* TASK REQUIREMENTS
Could the entries below be transcribed word for word, with the pictures omitted?

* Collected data
= Beginning of Section =
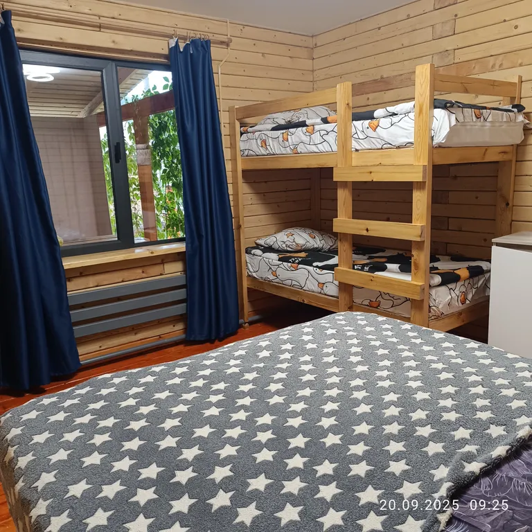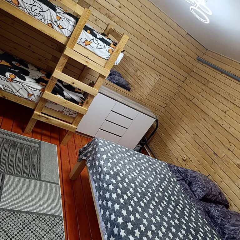 Дом рассчитан для комфортного проживания до 4 человек. Для семьи из 5 человек (2взрослых, 3 детей) возможно размещение третьего ребенка до 3 лет, без предоставления спального места.
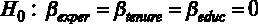 Сформулируем гипотезы для проверки незначимости регрессии в целом в рассматриваемом примере [файл с данными wage1.gdt] модели
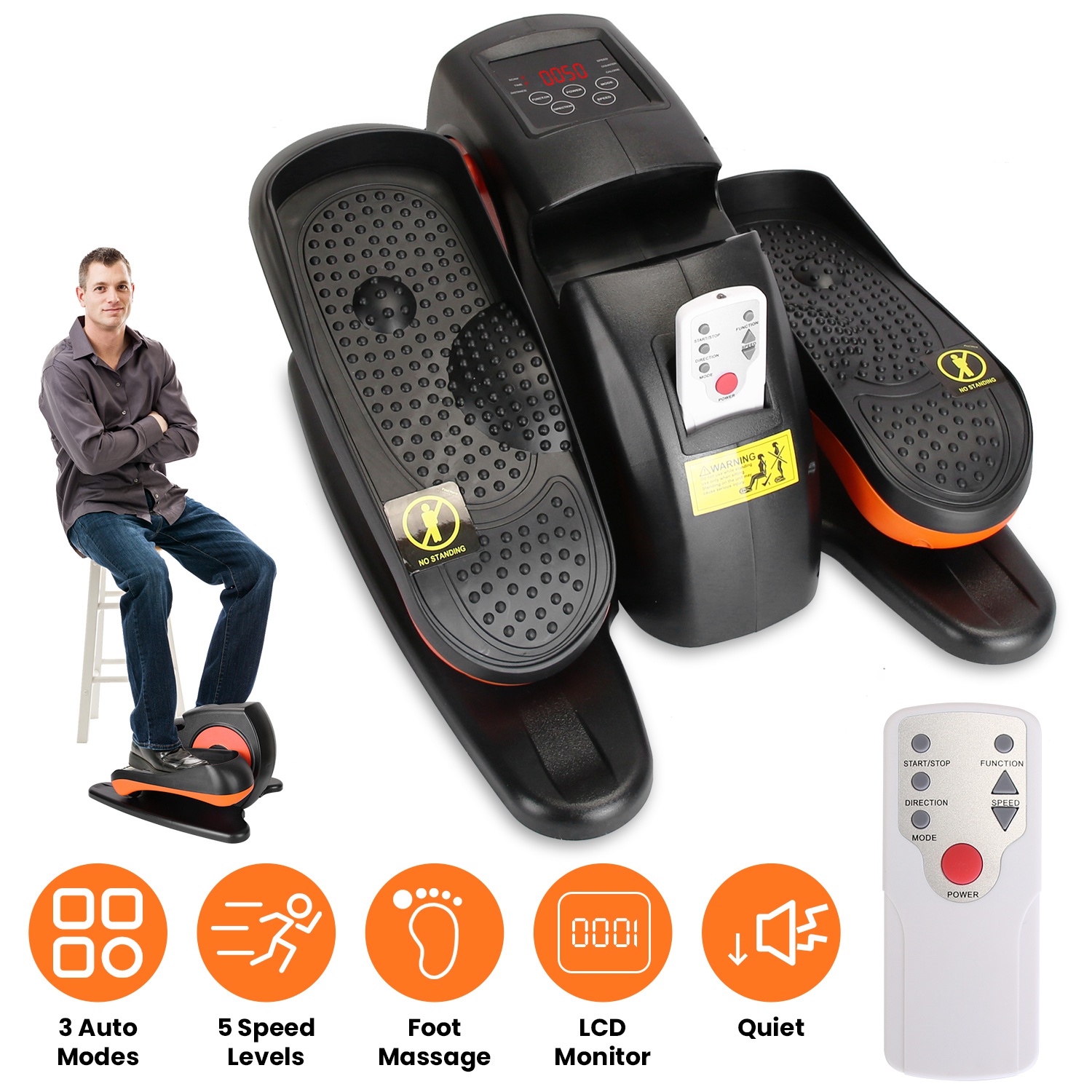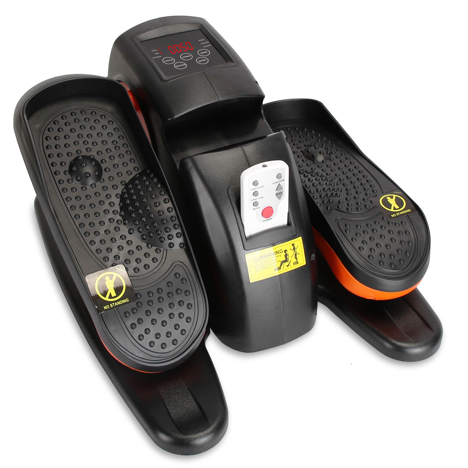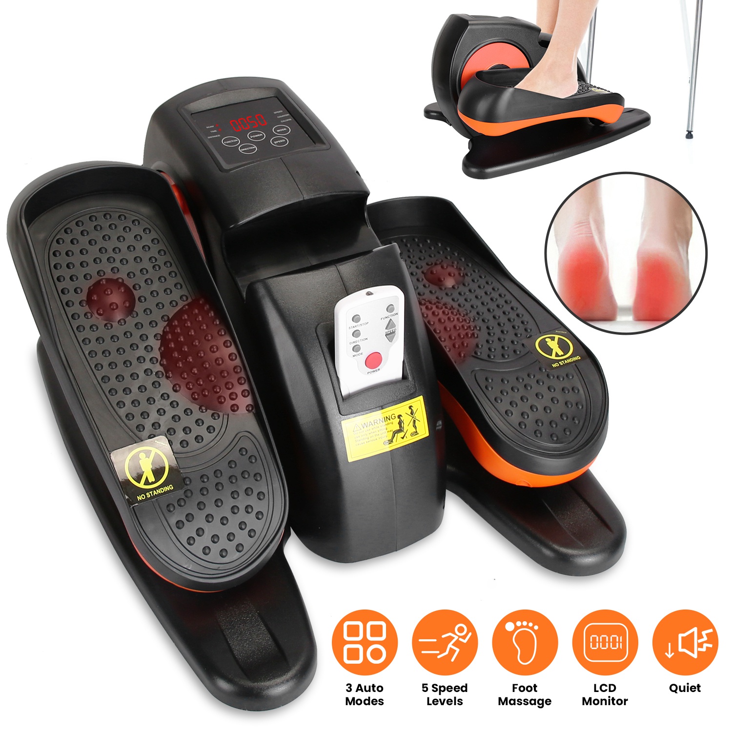 Are you looking for a discreet and effective way to stay active throughout the day? With 5 speed levels and 3 auto modes, this under desk elliptical machine caters to various fitness levels and can be used for gentle rehabilitation exercises, maintaining mobility for seniors, strengthening body training for white collar workers or providing a challenging cardio session for athletes. Easy to operate with the remote control. The built-in digital display keeps you informed of your workout metrics, such as speed, time, distance, calories burned, and more, helping you to stay on track with your fitness targets. Invest in your health and wellbeing with this seated pedal exerciser--a compact, versatile, and convenient way to keep moving, no matter where you are.
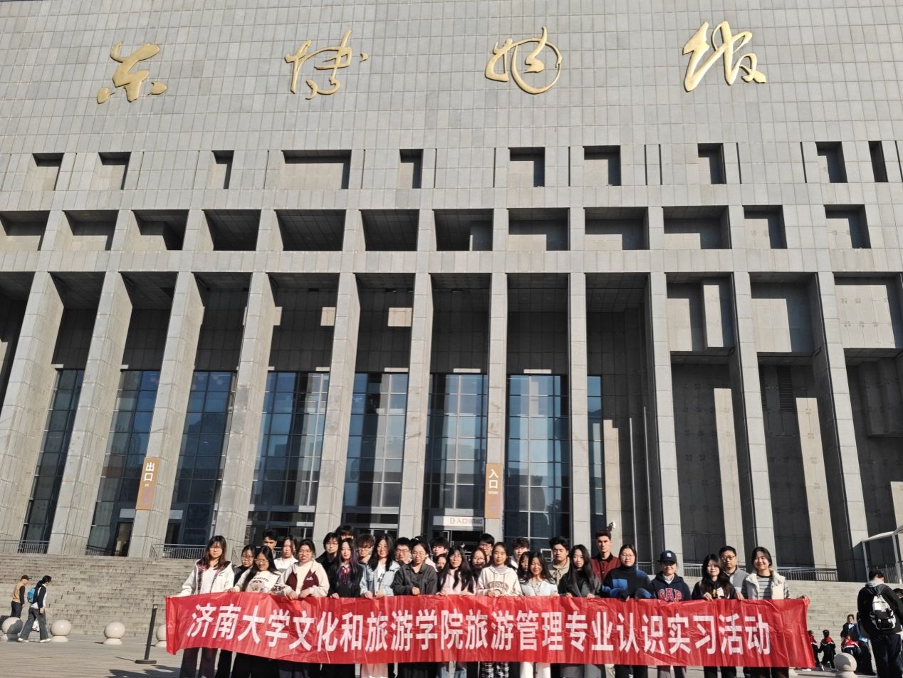 在济南绿地美利亚酒店和鲁能希尔顿酒店,学生通过实地参观、交流座谈与现场模拟等途径,学习了酒店的欧美性爱、服务设施配置、各岗位的工作内容及服务要点等。在山东博物馆,学生现场分组模拟导游讲解,领略了山东的历史文化和地域特色,对文创商品设计与开发、业态布局及展品数字化展示进行了全面了解。在大明湖景区,学生对景区旅游资源的分布、功能分区与商业设施进行了深入考察,并分组开展了关于大明湖景区新业态与旅游新市场的问卷调研工作。
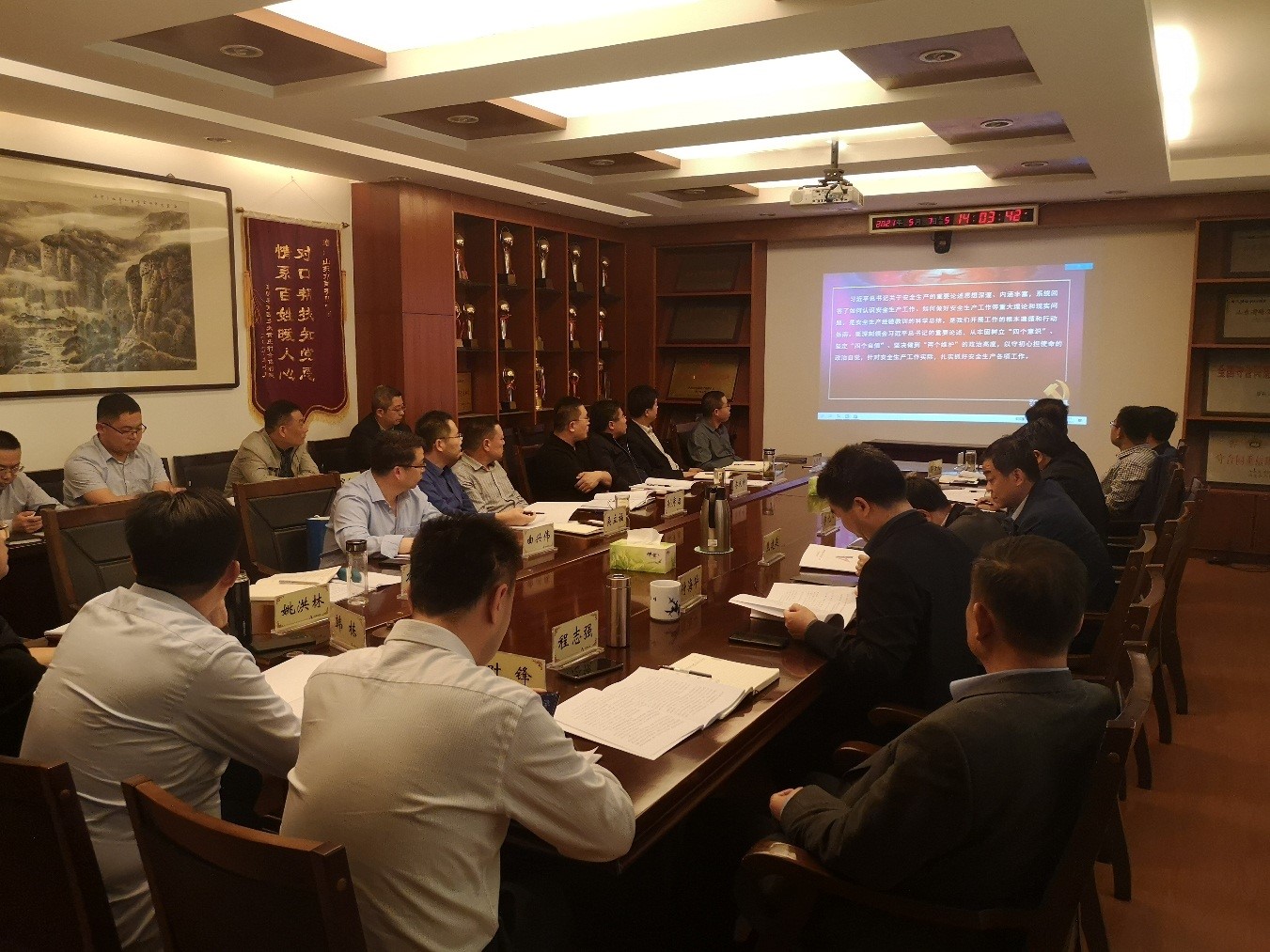 会议分析了当前安全生产存在的问题,并对下一步安全生产重点工作进行了部署:一是完善安全生产管理机构;二是继续完善安全生产标准化一级达标相关资料;三是持续推进安全风险管控和隐患排查治理;四是深化双重预防体系建设工作;五是积极开展“安全生产月”活动;六是做好防汛及度汛安全工作。
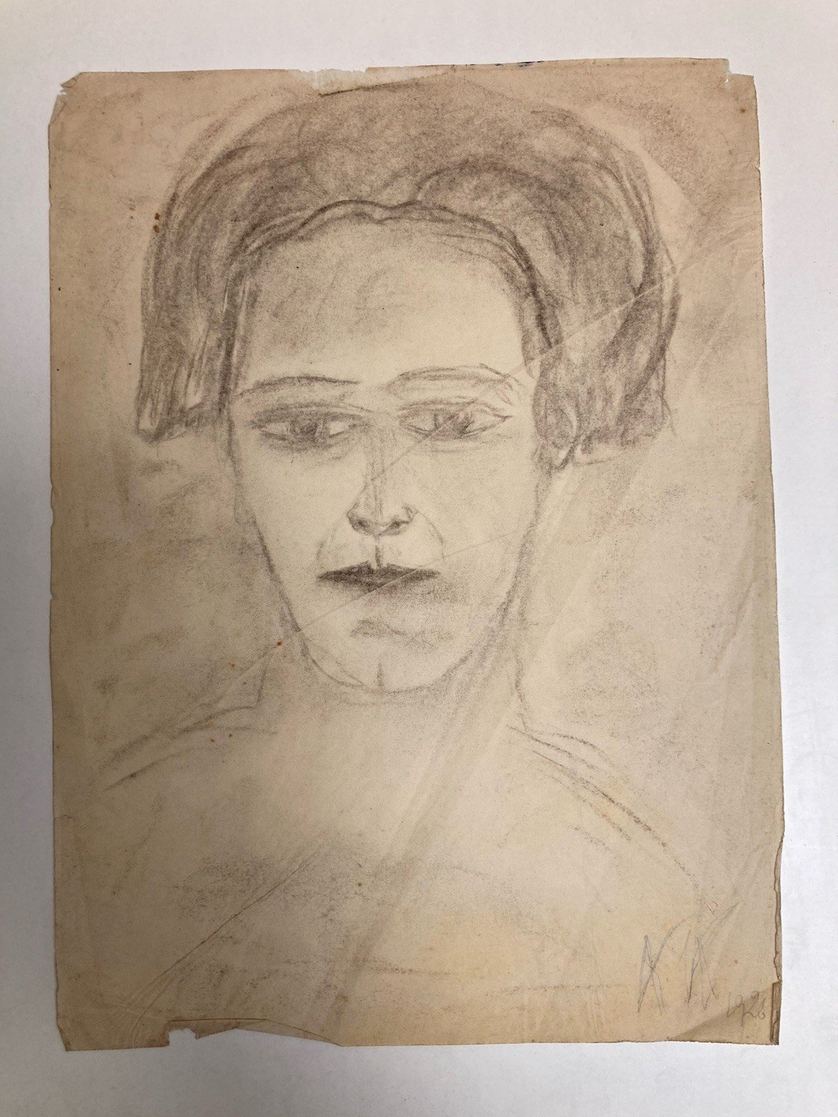 Good general condition, see photo Drawing, pencil on paper signed at the bottom right by the monogram K. K. This work comes from a part of the studio estate that was in a box of Drawings, see attached photo of others, works are available in my shop of 1930s abstractions and Drawings from the Art Brut period after the 1950s ⸻ Biography of Jeanne Kosnick-Kloss (1892 – after 1966) Jeanne Kosnick-Kloss, born in 1892, is a Franco-German artist whose work spans several major currents of modern art: abstraction, engaged art, and a more free expression close to Art Brut in the last decades of her life. She is also known for her artistic and personal collaboration with Otto Freundlich, a major figure in spiritual abstraction. ⸻ ? Training and early years Few details are known about her initial training, but she was active in Paris as early as the 1920s. She frequented avant-garde circles, where she met Otto Freundlich, a sculptor and theorist of abstraction of German origin, with whom she shared her life and studio. She became an essential collaborator of Freundlich, participating in his work, sharing his ideas on the universality of art and the spirituality of forms. ⸻ ? Abstract period (1920s-1930s) In the 1930s, Kosnick-Kloss developed a rhythmic geometric abstraction influenced by constructivism, orphism (from Robert and Sonia Delaunay), and theories on color. She produced gouaches and drawings where the circle and spiral dominate, evoking cosmic harmony. She was in contact with Sonia Delaunay, with whom she shared a colorist sensitivity and an interest in integrating art into daily life (clothing, textiles, objects). Although lesser-known, Kosnick-Kloss participated in this female ecosystem of abstraction, often eclipsed by official history. ⸻ ? Political engagement and exile With the rise of Nazism, Kosnick-Kloss and Freundlich exiled themselves to the south of France. Otto Freundlich, of Jewish origin and considered by the Nazis to be a representative of "degenerate art," was arrested in 1943 and deported to Majdanek, where he was murdered. Jeanne survived the war and preserved the legacy of their joint work. Her post-war work, freer and more intuitive, seems marked by this trauma. ⸻ ? Art Brut / free expression period (1950s-1960s) In the 1950s-60s, Jeanne Kosnick-Kloss adopted a more spontaneous plastic writing, marked by irregular forms, primitive figures, and personal symbols. This trend aligns her with Art Brut or a form of naïve expressionism, following in the footsteps of Dubuffet. She pursued a discreet but coherent body of work, affirming a deeply personal aesthetic, on the margins of dominant currents. ⸻ Legacy and recognition Jeanne Kosnick-Kloss remains today an unknown but significant figure of European abstraction. Her work is inseparable from that of Otto Freundlich, of whom she was the artistic partner and guardian of his memory after the war. She continues to be rediscovered through exhibitions devoted to Freundlich or to female abstraction. Recommended products Provided by Type:Gouache Style:1926 Genre:Art brut, Outsider art Features:On Paper Theme:Character Country of origin:France
= End of Section =
* ANSWER AREA
 Дом рассчитан для комфортного проживания до 4 человек. Для семьи из 5 человек (2взрослых, 3 детей) возможно размещение третьего ребенка до 3 лет, без предоставления спального места.
 Сформулируем гипотезы для проверки незначимости регрессии в целом в рассматриваемом примере [файл с данными wage1.gdt] модели
 Are you looking for a discreet and effective way to stay active throughout the day? With 5 speed levels and 3 auto modes, this under desk elliptical machine caters to various fitness levels and can be used for gentle rehabilitation exercises, maintaining mobility for seniors, strengthening body training for white collar workers or providing a challenging cardio session for athletes. Easy to operate with the remote control. The built-in digital display keeps you informed of your workout metrics, such as speed, time, distance, calories burned, and more, helping you to stay on track with your fitness targets. Invest in your health and wellbeing with this seated pedal exerciser--a compact, versatile, and convenient way to keep moving, no matter where you are.
 在济南绿地美利亚酒店和鲁能希尔顿酒店,学生通过实地参观、交流座谈与现场模拟等途径,学习了酒店的欧美性爱、服务设施配置、各岗位的工作内容及服务要点等。在山东博物馆,学生现场分组模拟导游讲解,领略了山东的历史文化和地域特色,对文创商品设计与开发、业态布局及展品数字化展示进行了全面了解。在大明湖景区,学生对景区旅游资源的分布、功能分区与商业设施进行了深入考察,并分组开展了关于大明湖景区新业态与旅游新市场的问卷调研工作。
 会议分析了当前安全生产存在的问题,并对下一步安全生产重点工作进行了部署:一是完善安全生产管理机构;二是继续完善安全生产标准化一级达标相关资料;三是持续推进安全风险管控和隐患排查治理;四是深化双重预防体系建设工作;五是积极开展“安全生产月”活动;六是做好防汛及度汛安全工作。
 Good general condition, see photo Drawing, pencil on paper signed at the bottom right by the monogram K. K. This work comes from a part of the studio estate that was in a box of Drawings, see attached photo of others, works are available in my shop of 1930s abstractions and Drawings from the Art Brut period after the 1950s ⸻ Biography of Jeanne Kosnick-Kloss (1892 – after 1966) Jeanne Kosnick-Kloss, born in 1892, is a Franco-German artist whose work spans several major currents of modern art: abstraction, engaged art, and a more free expression close to Art Brut in the last decades of her life. She is also known for her artistic and personal collaboration with Otto Freundlich, a major figure in spiritual abstraction. ⸻ ? Training and early years Few details are known about her initial training, but she was active in Paris as early as the 1920s. She frequented avant-garde circles, where she met Otto Freundlich, a sculptor and theorist of abstraction of German origin, with whom she shared her life and studio. She became an essential collaborator of Freundlich, participating in his work, sharing his ideas on the universality of art and the spirituality of forms. ⸻ ? Abstract period (1920s-1930s) In the 1930s, Kosnick-Kloss developed a rhythmic geometric abstraction influenced by constructivism, orphism (from Robert and Sonia Delaunay), and theories on color. She produced gouaches and drawings where the circle and spiral dominate, evoking cosmic harmony. She was in contact with Sonia Delaunay, with whom she shared a colorist sensitivity and an interest in integrating art into daily life (clothing, textiles, objects). Although lesser-known, Kosnick-Kloss participated in this female ecosystem of abstraction, often eclipsed by official history. ⸻ ? Political engagement and exile With the rise of Nazism, Kosnick-Kloss and Freundlich exiled themselves to the south of France. Otto Freundlich, of Jewish origin and considered by the Nazis to be a representative of "degenerate art," was arrested in 1943 and deported to Majdanek, where he was murdered. Jeanne survived the war and preserved the legacy of their joint work. Her post-war work, freer and more intuitive, seems marked by this trauma. ⸻ ? Art Brut / free expression period (1950s-1960s) In the 1950s-60s, Jeanne Kosnick-Kloss adopted a more spontaneous plastic writing, marked by irregular forms, primitive figures, and personal symbols. This trend aligns her with Art Brut or a form of naïve expressionism, following in the footsteps of Dubuffet. She pursued a discreet but coherent body of work, affirming a deeply personal aesthetic, on the margins of dominant currents. ⸻ Legacy and recognition Jeanne Kosnick-Kloss remains today an unknown but significant figure of European abstraction. Her work is inseparable from that of Otto Freundlich, of whom she was the artistic partner and guardian of his memory after the war. She continues to be rediscovered through exhibitions devoted to Freundlich or to female abstraction. Recommended products Provided by Type:Gouache Style:1926 Genre:Art brut, Outsider art Features:On Paper Theme:Character Country of origin:France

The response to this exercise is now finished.